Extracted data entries

━━━━━━━━━━━━━━━━━━━━━━━━━━━━━━

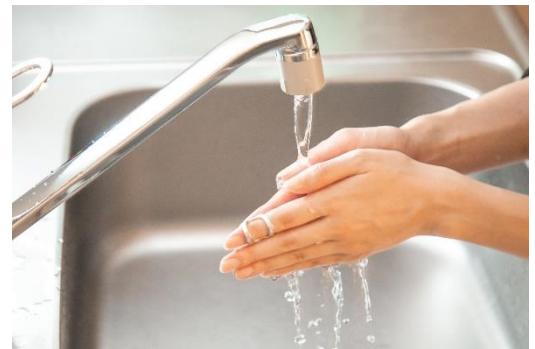
▲水に濡れても使用できるため衛生的

また、テーピングによる固定では、水仕事をする度に濡れてしまうため巻き直しが必要ですが、「ヘバーデンリング」は水に濡れても使用し続けられます。そのまま手洗いもでき、また錫は優れた抗菌性を持った素材であるため、衛生的に使用することができます。
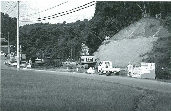
尾田一高久野線の拡張工事（質問の入札とは関係ありません）
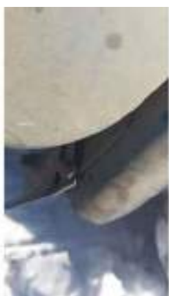
Фото №31. Фото грузового ТС Карева
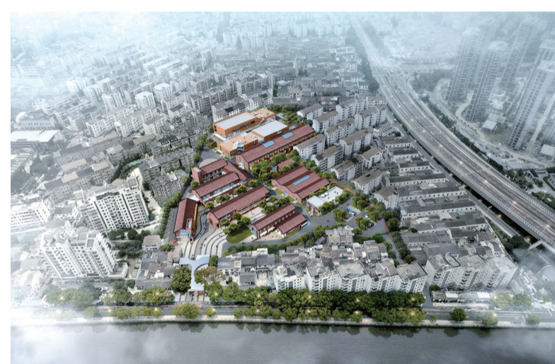
常州航仪厂改造提升项目(运河五号二期)效果图
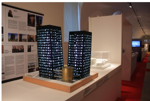
výstava Arch World, současná světová architektura
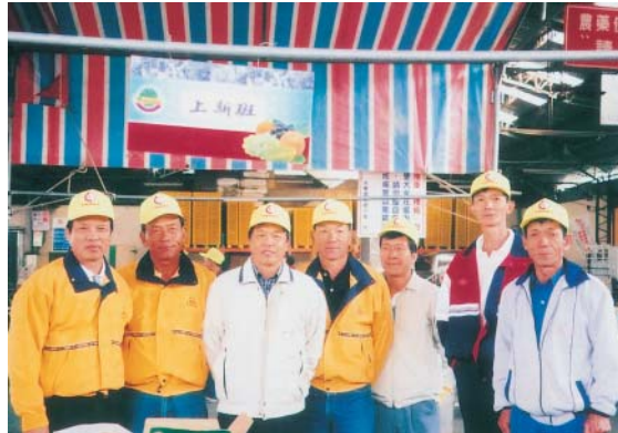
班員參與展售活動
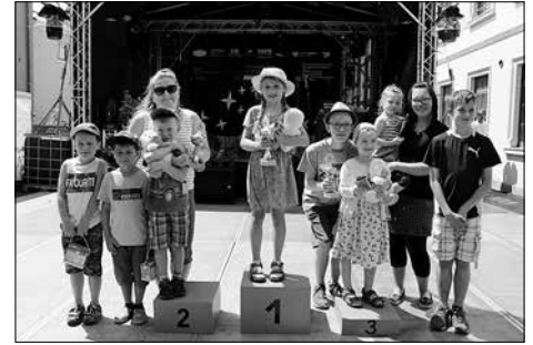
Die Gewinner des Entenrennens
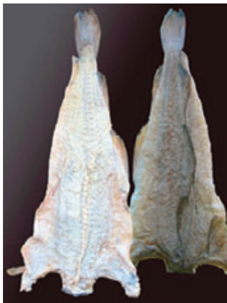
Fra Seløy Fisk AS på Herøy

Det arbeides med opprettelsen av visningscenteret Tørrfiskbutikken i Bergen; Seløy Fisk AS i Nordland har gjennomført utvendig sikring av bygninger og restaureringen av gamlebrygga er avsluttet. H.J.Kyvik AS i Haugesund er i gang med å sette i stand lokalene i "Stålhuset".
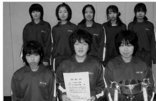
← 中学校女子団体優勝の小湊中学校チームの皆さん

東栄小学校女子チームは、平成22年2月27日(土)に県武道館で開催される青森県大会へ当町代表として出場します。優勝目指して頑張ってください！
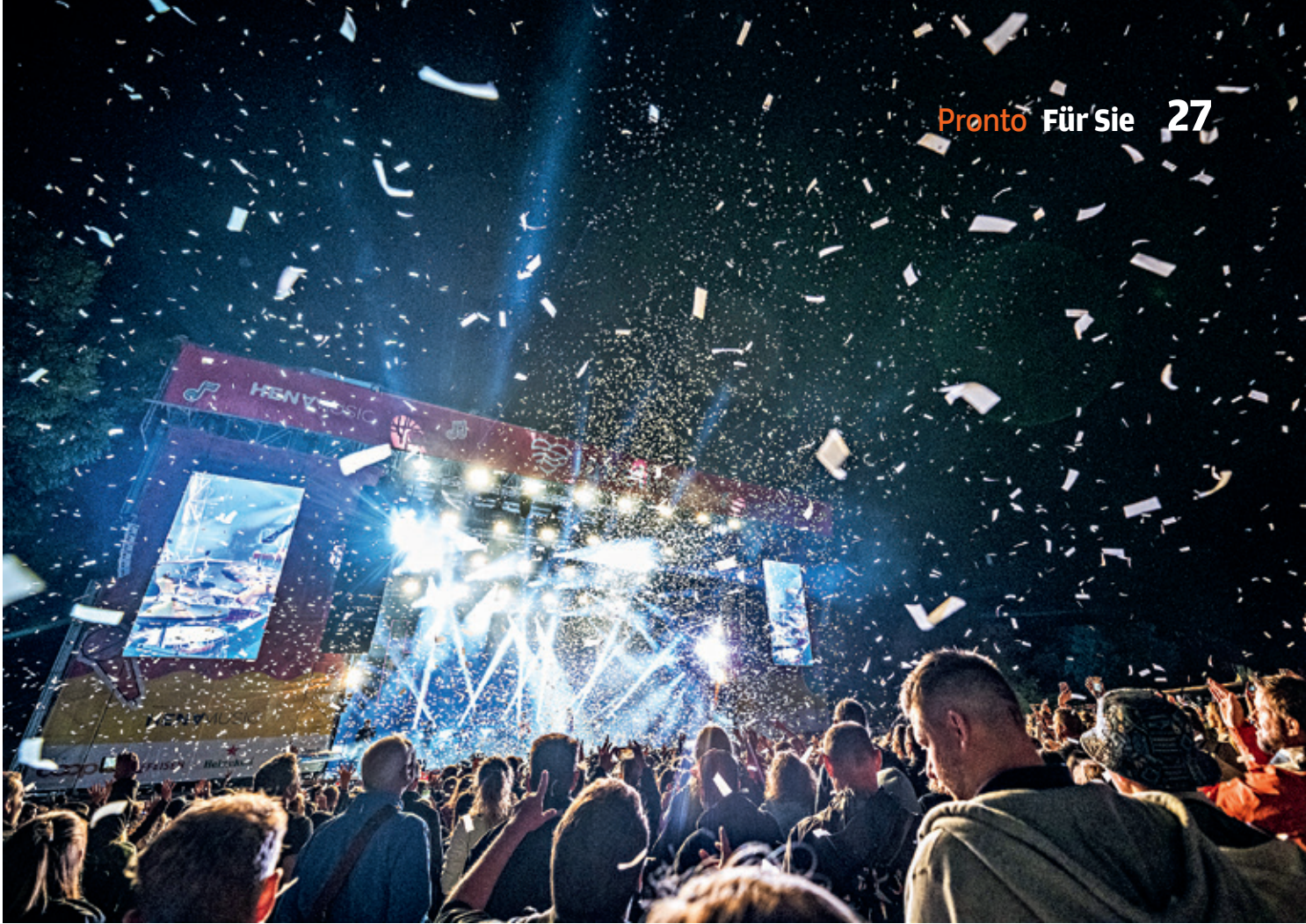
Musikalisches Feuerwerk: 36 Bands aus dem In- und Ausland sorgen an 11 Tagen für grossartige Stimmung.
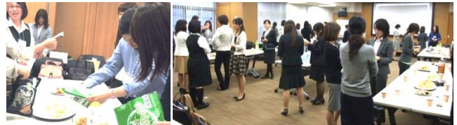
ご提供いただいた試食品を懇親会で味見
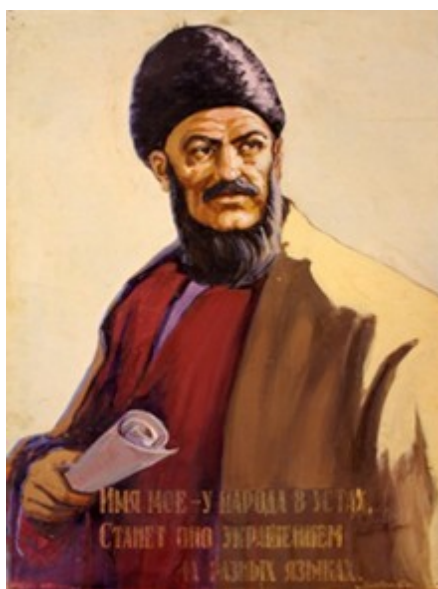
Рисунок 14. В. И. Овчинников. Махтумкули. 1970 г.

Художники Туркменистана, воодушевлённые стихами Махтумкули, многократно пытались представить и создать внешность поэта в скульптуре, живописи и графике (рис. 14).
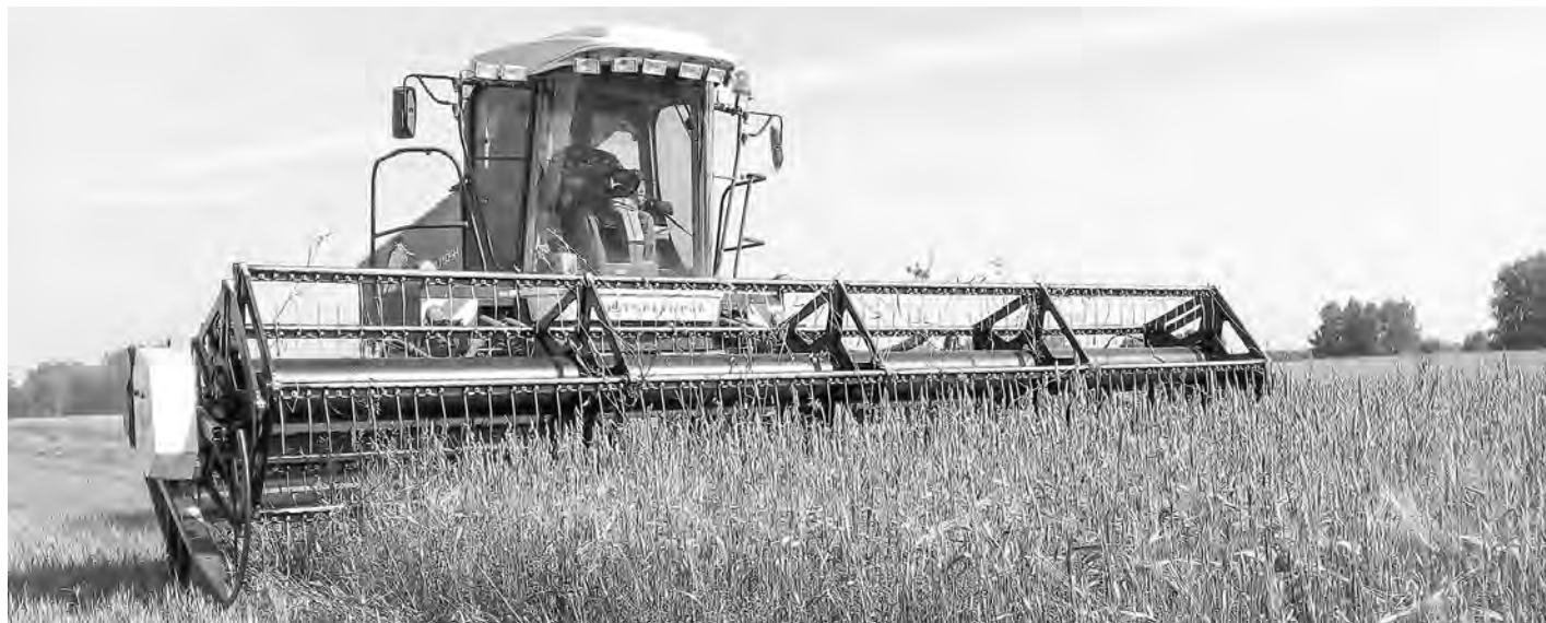
Заготовка четырёхкомпонентного сенажа в АО «Зерно Сибири».
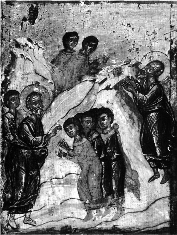
Εικ. 15. Πάτιμος. Ο Ιωάννης παραδίδει το Ευαγγέλιο και αναχωρεί για την Έφεσο (πρβλ. Εικ. 3, 12).

κοφάγο όρθιος, δεόμενος 34 . Στη σύγχρονη με τις αγιορείτικες τοιχογραφίες παράσταση στη λιτή του καθολικού της μονής Οσίου Μελετίου στον Κιθαιρώνα το θέμα εμφανίζεται με το ίδιο σχήμα: δύο συνεχόμενα ευδιάκριτα επεισόδια που αφηγούνται τον ενταφιασμό και τη μετάσταση του αγίου 35 . Στο ένα επεισόδιο, που συνήθως αποδίδεται σε πρώτο πλάνο, οι μαθητές θρηνούν επάνω από την ανοιχτή σαρκοφάγο τον δάσκαλό τους και στο άλλο ο Ιωάννης είναι όρθιος, κατενώπιον,
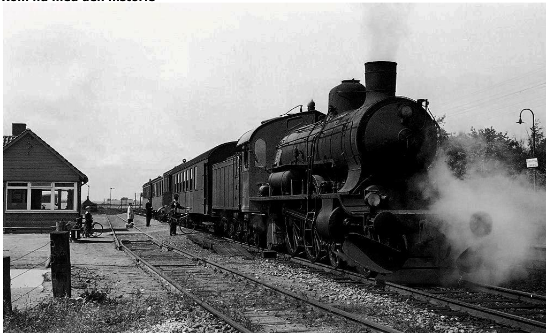
Her holder P916 med persontog 52 Korsør-København ved Svendstrup Station. Året er 1958.

Vi vil meget gerne have noget "lokalhistorie" på vor hjemmeside. Ligger du inde med billeder og en god historie fra din tid herude, så hører vi gerne fra dig. Det tekniske og det med at få historien skrevet hjælper vi dig gerne med. Kom nu ud af busken.
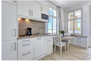
Küchenzeile und Essplatz
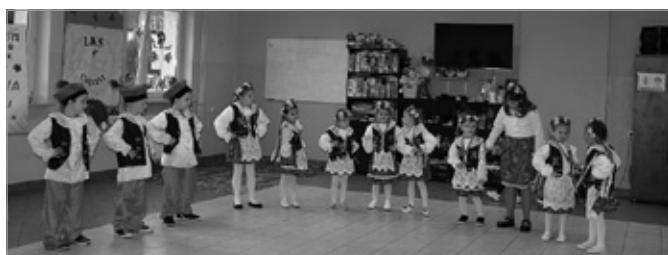
Utworzenie Małej Akademii Folkloru w Łukowej
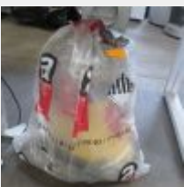
Lot n° 12 1 Aspirateur ATTIX amianté Obligation d'être certifié pour le traitement de l'amiante Mise à prix : 50 €
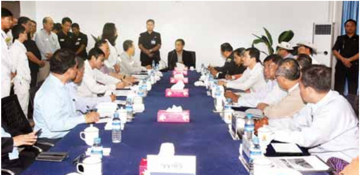
ဒုတိယသမ္မတ ဦးဟင်နရီဗန်ထီးလူ ကျောက်ဖြူမြို့ မဒဲကျွန်းရေနံဆိပ်ကမ်းရှိ တာဝန်ရှိသူများနှင့် တွေ့ဆုံဆွေးနွေးစဉ်။

ရခိုင်ပြည်နယ် ဖွံ့ဖြိုးတိုးတက်ရေးအတွက် အထူးအရေးပါသဖြင့် ကျောက်ဖြူ ဒေသအား အထူးစီးပွားရေးဇုန်အဖြစ် သတ်မှတ်အကောင်အထည်ဖော်ဆောင်ရွက်ရန် နိုင်ငံတော်က ၂၀၁၁ ခုနှစ်တွင် ခွင့်ပြုခဲ့သည်။ ကျောက်ဖြူအထူးစီးပွားရေးဇုန်တွင် စီမံကိန်းများအနေဖြင့် ရေနံဆိပ်ကမ်းစီမံကိန်း၊ စက်မှုဇုန်စီမံကိန်းနှင့် အဆင့်မြင့်အိမ်ရာစီမံကိန်းများ ပါဝင်သည်။
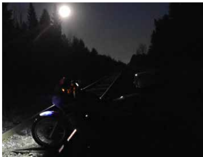
Pimeys, kylmyys ja kuu seurana, kun pyörä päätti olla itsepäinen ja jämähti kiskojen väliin.
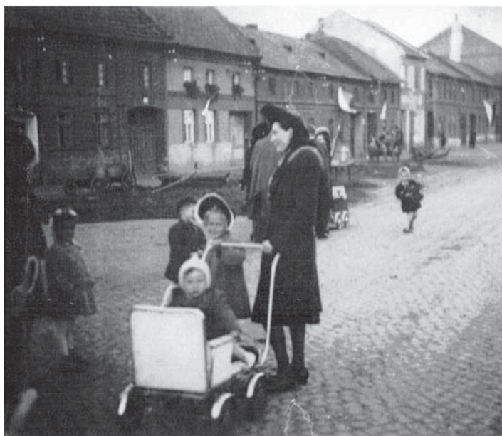
V roce 1945 - první poválečná oslava vzniku ČSR.
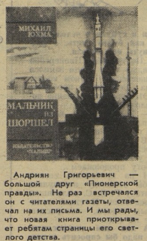
Андриян Григорьевич — большой друг «Пионерской правды». Не раз встречался он с читателями газеты, отвечал на их письма. И мы рады, что новая книга приоткрывает ребятам страницы его светлого детства.

стве дважды Героя Советского Союза, лётчика-космонавта Андрияна Николаева. Есть в книжке и забавные эпизоды — как Андрияна ходил глубокой ночью пологоним свистом, или как он сделал парашоуд и хотел прыгнуть с самого высокого дерева. Но есть эпизоды, которые говорят о том, что пионер Андрияна мог целый день наравне со взрослыми мать рожи. И как бы ни было трудно, он не оставил товарища в беде. И вроде бы ничего особенного. Но это обычное босоного детство рождало характер человека честного и скромного, смелого и любознательного, верного своей мечте и готового ради неё к самым нелёгким испытаниям.
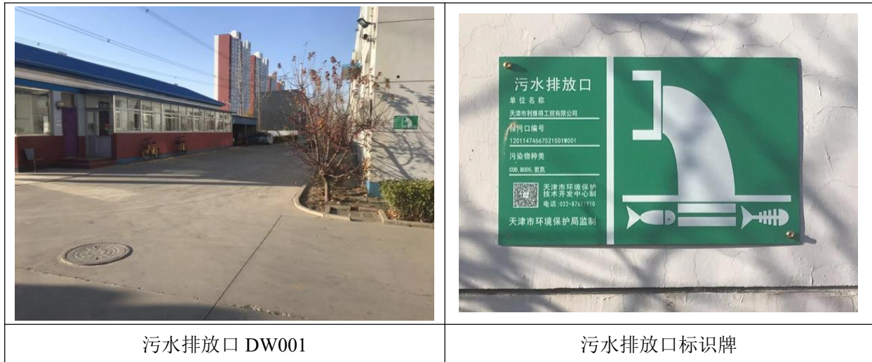
图 4.1-2 废水排出口照片
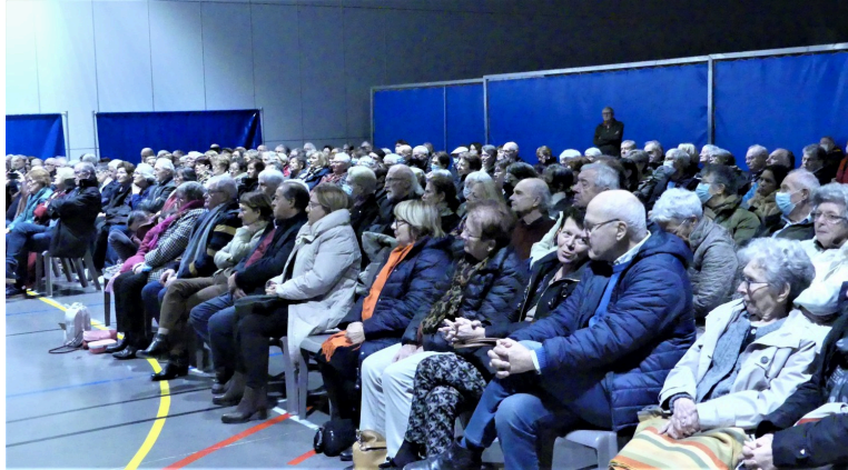
rendez-vous à l'automne 2023
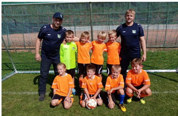
Turnaj v Jaroměřicích
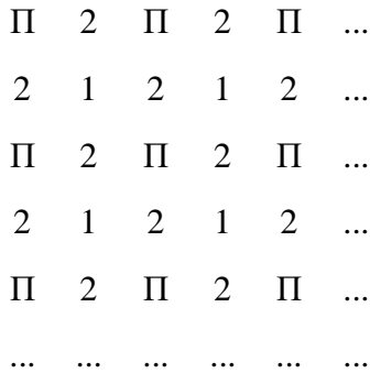
1. Рис. 1. Схема прогресуючого ієрархічного опрацювання пікселів зображення на шарах, починаючи з другого: П – пікселі попереднього шару; 1- пікселі першого проходу чергового шару; 2 - пікселі другого проходу чергового шару.
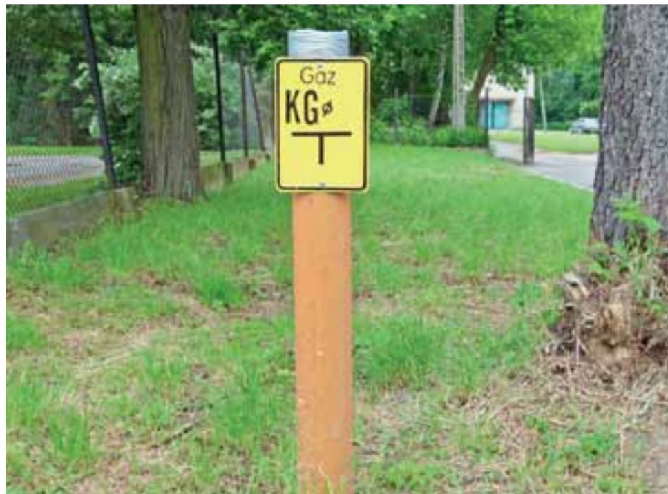
W Strykowie gazyfikacja zakończyła się póki co na ul. Sowińskiego. Spółka zapowiada, że to niebawem powinno się zmienić.
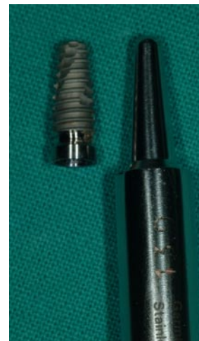
Fig. 2. Foto del implante Osseotite NT Certain (3i Implants Innovations, USA) comparado con el osteotomo de 4 mm de diámetro por 13 mm de longitud.
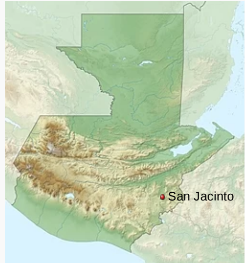
Localización de San Jacinto en Guatemala
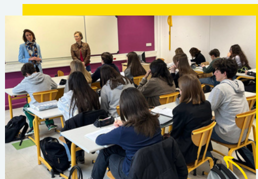
L'une de mes missions préférées d'élue européenne : débattre avec les jeunes !

À Strasbourg et à Bruxelles, la logique de compromis et de consensus prédomine dans tous nos travaux. Y compris avec nos oppositions républicaines les plus vives. Une source d'inspiration , peut-être un jour, pour l'opposition à l'Assemblée ?
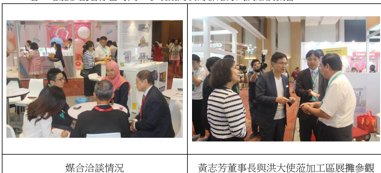
圖 8 媒合洽談區
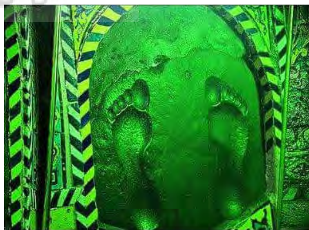
تصویر ۴- نقش قدمگاه امام رضا (ع) در نیشابور.
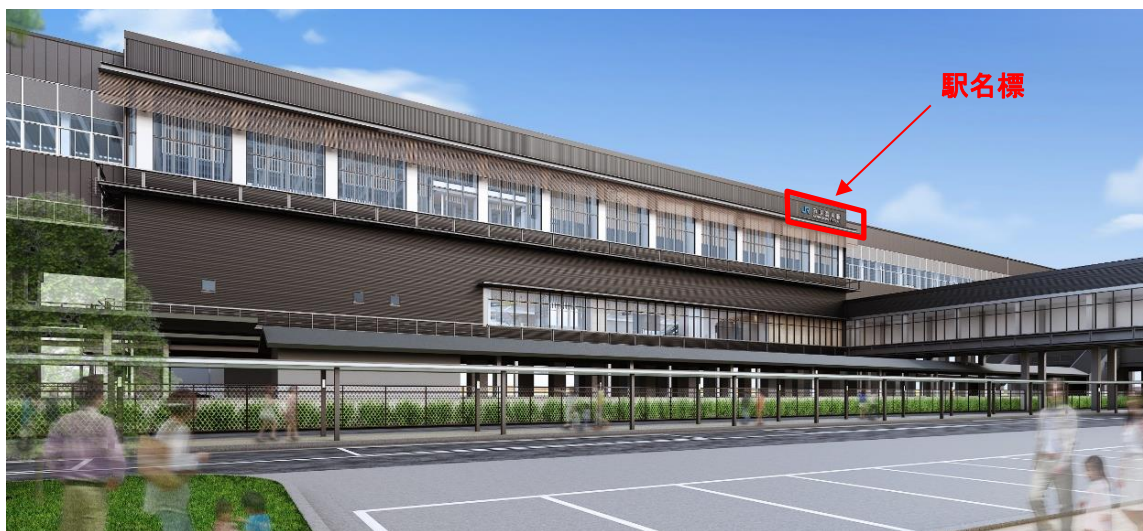
駅舎外観パース（西側）

今後、内装工事、設備工事を進めてまいりますので、工事期間中、芦原温泉駅をご利用の皆様にはご不便をおかけいたしますが、ご理解とご協力のほど、よろしくお願いいたします。

━━━━━━━━━━━━━━━━━━━━━━━━━━━━━━

- **Task goal**
Please repeat, with no pictures, each line from the start of the records above through the line with "Εικ. 15. Πάτιμος.", inclusive, and only those.

- **Task response**
▲水に濡れても使用できるため衛生的

また、テーピングによる固定では、水仕事をする度に濡れてしまうため巻き直しが必要ですが、「ヘバーデンリング」は水に濡れても使用し続けられます。そのまま手洗いもでき、また錫は優れた抗菌性を持った素材であるため、衛生的に使用することができます。
尾田一高久野線の拡張工事（質問の入札とは関係ありません）
Фото №31. Фото грузового ТС Карева
常州航仪厂改造提升项目(运河五号二期)效果图
výstava Arch World, současná světová architektura
班員參與展售活動
Die Gewinner des Entenrennens
Fra Seløy Fisk AS på Herøy

Det arbeides med opprettelsen av visningscenteret Tørrfiskbutikken i Bergen; Seløy Fisk AS i Nordland har gjennomført utvendig sikring av bygninger og restaureringen av gamlebrygga er avsluttet. H.J.Kyvik AS i Haugesund er i gang med å sette i stand lokalene i "Stålhuset".
← 中学校女子団体優勝の小湊中学校チームの皆さん

東栄小学校女子チームは、平成22年2月27日(土)に県武道館で開催される青森県大会へ当町代表として出場します。優勝目指して頑張ってください！
Musikalisches Feuerwerk: 36 Bands aus dem In- und Ausland sorgen an 11 Tagen für grossartige Stimmung.
ご提供いただいた試食品を懇親会で味見
Рисунок 14. В. И. Овчинников. Махтумкули. 1970 г.

Художники Туркменистана, воодушевлённые стихами Махтумкули, многократно пытались представить и создать внешность поэта в скульптуре, живописи и графике (рис. 14).
Заготовка четырёхкомпонентного сенажа в АО «Зерно Сибири».
Εικ. 15. Πάτιμος. Ο Ιωάννης παραδίδει το Ευαγγέλιο και αναχωρεί για την Έφεσο (πρβλ. Εικ. 3, 12).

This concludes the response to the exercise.